An array is passed to a function as a pointer to the type of the array elements, regardless of the dimensionality of the array. You could have further arguments to specify the number of dimensions, n, and an array (another one) of length n specifying the number of elements in each dimension. Note that the [] notation is simply a tidy way of performing pointer addition.
If you want to access particular element or operate on the array but if you want to create the matrix dynamically, you can use use pointers to access each element by passing the dimensions in the print function.
Since if you have a multidimensional array defined as int [][], then
x = y[a][b] is equivalent to x = *((int *)y + a * NUMBER_OF_COLUMNS + b);
Check this post for more details: How to use pointer expressions to access elements of a two-dimensional array in C?
So, if you want to print whole matrix or access any particular element, you can do like:
#include <iostream>
using namespace std;
//the function print_2D_matrix receives 4 arguments: pointer to first element
// dimension of array arr, i.e. n x m
// index of the element to be printed, i.e. a and b
void print_2D_matrix(int *arr, int n, int m, int a, int b){
for(int i = 0; i < n; i++){
for(int j = 0; j < m; j++)
printf("%d ", *(arr + (i * m) + j));
printf("\n");
}
//go to the address just before a row, i.e. (a - 1) * NO_OF_COLUMNS
//then go to the address on b column, i.e. (a - 1) * NO_OF_COLUMNS + b
//since we started from the base address, i.e. first element( arr[0][0] ), subtract 1
printf("arr[3][3] = %d\n", *(arr + ((a - 1) * m) + b - 1)); //print arr[a][b]
}
int main() {
int n, m;
cin>>n>>m;
int arr[n][m];
for(int i = 0; i < n; i++) //initialize the matrix
for(int j = 0; j < m; j++)
arr[i][j] = i * j;
print_2D_matrix((int *) arr, n, m, 3, 3);
return 0;
}
Output for above program (for n x m = 4 x 5) is:
0 0 0 0 0
0 1 2 3 4
0 2 4 6 8
0 3 6 9 12
arr[3][3] = 4
I'm sure this violates at least one rule of the C standard but it should work in practice.

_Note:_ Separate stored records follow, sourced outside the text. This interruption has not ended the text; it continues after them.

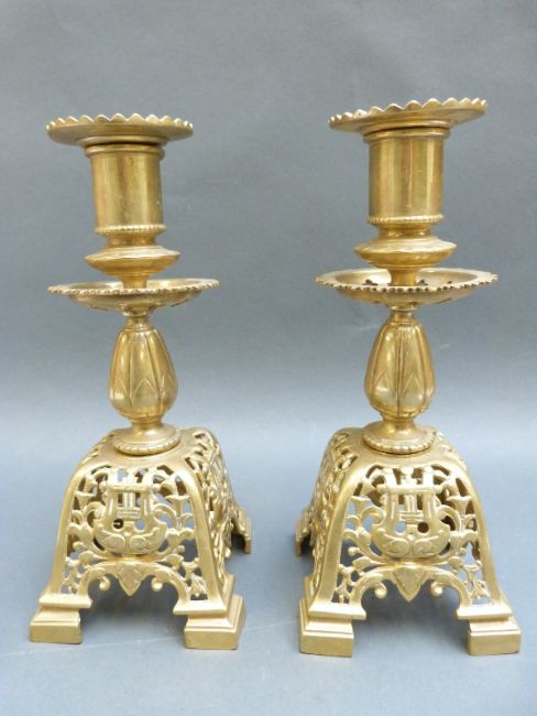 A pair of 19thC pierced gilt candlesticks, height 22cm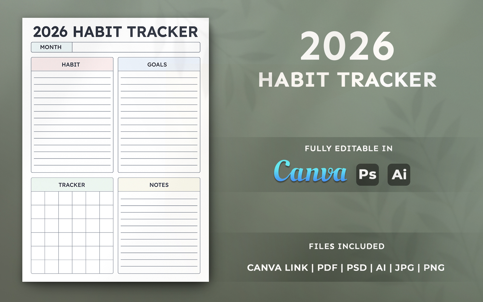 2026 Habit Tracker Template – Printable Planner, Editable Canva Page Template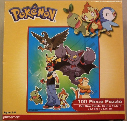 This puzzle scene shows Ash with Starly, Turtwig, Chimchar, and others. Completed puzzle measures 15 inches by 12.5 inches (38.1cm x 31.75cm). 100 interlocking cardboard pieces. Age 5-8 Read more...
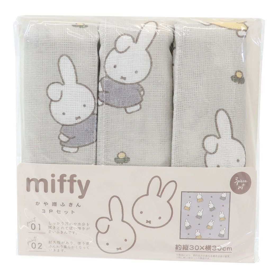 - ミッフィー 絵本キャラクター キッチンクロス かや織りふきん 3Pセット ミッフィーとダーン ディックブルーナ
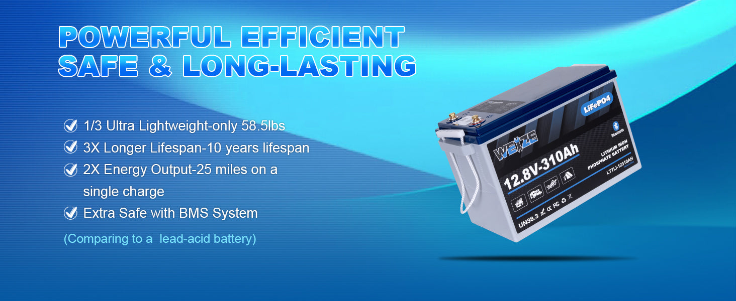 [{"id":435698368740,"handle":"12v-lifepo4-series","updated_at":"2026-02-03T16:48:49-08:00","published_at":"2024-05-09T02:11:00-07:00","sort_order":"manual","template_suffix":"","published_scope":"web","title":"12V LiFePO4 Lithium Battery Series","body_html":"\u003cp\u003eWEIZE \u003ca title=\"LiFePO4 Battery\" href=\"https:\/\/www.weizeus.com\/collections\/weize-lifepo4-battery-lithium-phosphate-li-fe-po4-cells\"\u003eLithium Iron Phosphate (LiFePO4) batteries\u003c\/a\u003e are designed to deliver unparalleled performance, safety, and efficiency for a wide range of applications. Whether you're powering an RV, boat, solar energy system, or other demanding devices, our \u003ca title=\"12V LiFePO4 Series\" href=\"https:\/\/www.weizeus.com\/collections\/12v-lifepo4-series\"\u003e12V LiFePO4 Series\u003c\/a\u003e provides exceptional power density, long cycle life, and lightweight convenience. Engineered for maximum reliability, these batteries offer superior thermal and chemical stability, ensuring safe operation even under the most extreme conditions. Experience the next level of energy storage with our 12V LiFePO4 Series and enjoy the benefits of cutting-edge technology and sustainable power solutions.\u003c\/p\u003e\n\u003ch2\u003eWhy Choose WEIZE LiFePO4 Lithium Battery?\u003c\/h2\u003e\n\u003cp\u003e\u003cbr\u003e\u003c\/p\u003e\n\u003cp\u003e🟠 WEIZE LiFePO4 batteries can last up to 10 times longer than traditional lead-acid batteries, with a lifespan of over 8,000 charge cycles, making them a cost-effective investment over time.\u003cbr\u003e🟠 LiFePO4 chemistry is inherently safer than other lithium-ion battery types, as it is less prone to overheating, thermal runaway, or combustion. This makes them ideal for applications where safety is a priority.\u003cbr\u003e🟠 These batteries are significantly lighter and more compact than lead-acid batteries, reducing the overall weight of your setup, which is particularly beneficial for mobile applications like RVs, boats, and electric vehicles.\u003cbr\u003e🟠 WEIZE LiFePO4 batteries provide stable voltage throughout the discharge cycle, ensuring that your devices receive consistent power until the battery is nearly depleted. LiFePO4 batteries can be charged at higher currents, allowing for faster charging times compared to traditional batteries, which is especially useful in off-grid and emergency power situations.\u003cbr\u003e🟠 LiFePO4 batteries are non-toxic and contain no heavy metals, making them a more environmentally friendly option. They are also fully recyclable.\u003cbr\u003e🟠 These batteries perform well across a wide range of temperatures, making them suitable for use in various climates and conditions.\u003cbr\u003e🟠 WEIZE LiFePO4 batteries have a low self-discharge rate, allowing them to retain their charge for longer periods when not in use, making them ideal for backup power solutions. With a high energy efficiency rate, these batteries maximize the energy you get out of each charge, reducing waste and improving overall performance.\u003c\/p\u003e\n\u003ch2\u003eShop By Application\u003c\/h2\u003e\n\u003cp\u003e\u003cbr\u003e\u003c\/p\u003e\n\u003cp\u003e🔸 \u003ca title=\"Car \u0026amp; Truck Battery\" href=\"https:\/\/www.weizeus.com\/collections\/platinum-auto-battery\"\u003eCar \u0026amp; Truck Battery\u003c\/a\u003e🔸 \u003ca title=\"Lawn Tractor and Mower Battery\" href=\"https:\/\/www.weizeus.com\/collections\/lawn-tractor-mower-battery\"\u003eLawn Tractor \u0026amp; Mower Battery\u003c\/a\u003e🔸 \u003ca title=\"Golf Cart Batteries\" href=\"https:\/\/www.weizeus.com\/collections\/golf-cart-batteries\"\u003eGolf Cart Batteries\u003c\/a\u003e🔸 \u003ca title=\"Marine and Boat Battery\" href=\"https:\/\/www.weizeus.com\/collections\/marine-and-boat-battery\"\u003eMarine \u0026amp; Boat Battery\u003c\/a\u003e\u003c\/p\u003e\n\u003cp\u003e🔸 \u003ca title=\"ATV \u0026amp; Motorcycle Battery\" href=\"https:\/\/www.weizeus.com\/collections\/motorcycle-battery\"\u003eATV \u0026amp; Motorcycle Battery\u003c\/a\u003e🔸 \u003ca title=\"Camper and RV Battery\" href=\"https:\/\/www.weizeus.com\/collections\/camper-and-rv-battery\"\u003eCamper \u0026amp; RV Battery\u003c\/a\u003e🔸 \u003ca title=\"Scooter Battery\" href=\"https:\/\/www.weizeus.com\/collections\/scooter-battery\"\u003eScooter Battery\u003c\/a\u003e🔸 \u003ca title=\"Trolling Motor Battery\" href=\"https:\/\/www.weizeus.com\/collections\/trolling-motor-battery\"\u003eTrolling Motor Battery\u003c\/a\u003e\u003c\/p\u003e","image":{"created_at":"2024-05-09T02:50:30-07:00","alt":"12V LiFePO4 Series - WEIZE","width":600,"height":600,"src":"\/\/www.weizeus.com\/cdn\/shop\/collections\/1_aa755da4-4a21-4cc4-9774-2725bafe7809.png?v=1724309427"}},{"id":412262957284,"handle":"best-sellers","updated_at":"2026-02-03T04:19:36-08:00","published_at":"2022-10-07T02:15:47-07:00","sort_order":"manual","template_suffix":"","published_scope":"web","title":"Best Sellers","body_html":"","image":{"created_at":"2023-07-26T00:28:28-07:00","alt":"BEST SELLERS - WEIZE","width":700,"height":700,"src":"\/\/www.weizeus.com\/cdn\/shop\/collections\/12v100ah.png?v=1724309538"}},{"id":457546662116,"handle":"bluetooth-lifepo4-lithium-batteries","updated_at":"2026-02-03T16:48:49-08:00","published_at":"2025-04-20T20:32:43-07:00","sort_order":"manual","template_suffix":"","published_scope":"web","title":"Bluetooth LiFePO4 Lithium Batteries","body_html":"\u003cp\u003ePower meets precision with WEIZE’s advanced LiFePO4 lithium batteries featuring built-in Bluetooth technology. Monitor real-time performance, state of charge, temperature, and more—right from your smartphone. Whether you're upgrading your RV, solar system, boat, or off-grid setup, these smart batteries deliver long-lasting, reliable energy with total visibility and control.\u003c\/p\u003e"},{"id":435118702820,"handle":"camper-and-rv-battery","updated_at":"2026-02-03T16:48:49-08:00","published_at":"2024-0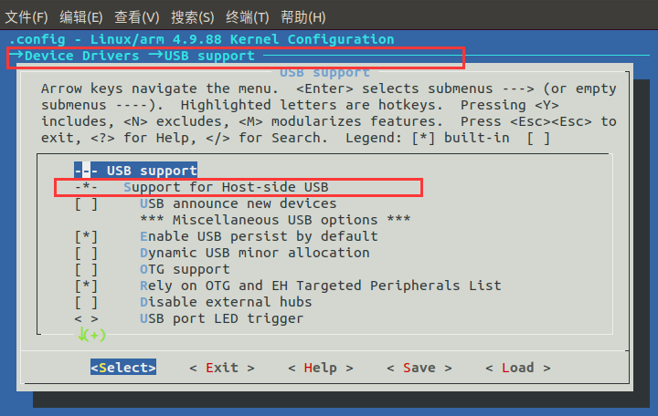 在内核路径输入命令make menuconfig进入内核配置界面。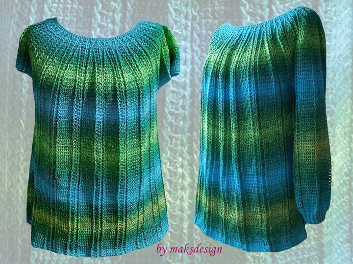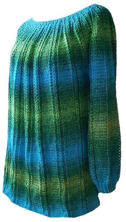 Es kann mit langen Armen, Halbarmen oder kurzen Armen gehäkelt werden.

Note that it uses 0 as a sentinel value for the terminating element of any level of the array.
void print(void* p, int dim)
{
if (dim == 1)
{
int* a = (int*) p;
while (*a)
{
printf("%d ", *a++);
}
printf("\n");
}
else
{
void** a = (void**)p;
while (*a)
{
print(*a++, dim - 1);
}
}
}
void test()
{
int x0 [] = { 11, 12, 13, 14, 15, 0 };
int x1 [] = { 21, 22, 23, 0 };
int x2 [] = { 0 };
int x3 [] = { 41, 42, 0 };
int x4 [] = { 51, 52, 53, 0 };
int* y0 [] = { x0, x3, 0 };
int* y1 [] = { 0 };
int* y2 [] = { x1, x2, x4, 0 };
int** z [] = { y0, y1, y2, 0 };
print(z, 3);
}
Prints:
11 12 13 14 15
41 42
21 22 23
51 52 53
I have made a function that can print any n-dimensional iterable container:
template<typename Object, typename Iterable>
void Print(
const Iterable& iterable,
const string& separatorDimensions = "\n",
const function<void(const Object&)>& funcPrintElem = [] (const Object& obj) {
static_assert(
is_arithmetic_v<Object> || is_same_v<remove_const_t<remove_pointer_t<Object>>, char>,
R"(The object from the innermost range is not a built-in/c-string type, please provide a valid print element function.)"
);
cout << obj << ' ';
}
) {
if constexpr (ranges::range<Iterable>) {
ranges::for_each(iterable, [&] (const auto& it) { Print(it, separatorDimensions, funcPrintElem); });
cout << separatorDimensions;
} else {
funcPrintElem(iterable);
}
}
The function has a default std::function that can print any built-in type like int, unsigned char, long long etc... and the c-string like char* or const char*, if you have another object like a pair or tuple or an object of your class you can pass a function that prints your object.
You can use the function like this: (you must explicitly tell the function your inner most object like below)
int main() {
cout << "v: " << endl;
vector<uint16_t> v { 1, 2, 3 };
Print<uint16_t>(v);
cout << endl << "ll: " << endl;
list<list<const char*>> ll { { "a", "b" }, { "c", "d" } };
Print<const char*>(ll);
struct smth {
int a;
char b;
};
cout << endl << "smths: " << endl;
vector<smth> smths { { 14, '0' }, { 18, '1' } };
Print<smth>(smths, "\n", [] (const smth& obj) { cout << "a = " << obj.a << ", b = " << obj.b << endl; });
return 0;
}
The function can be found here, maybe I will update in the future to support more things.
You need to have at least c++20 for this function to work.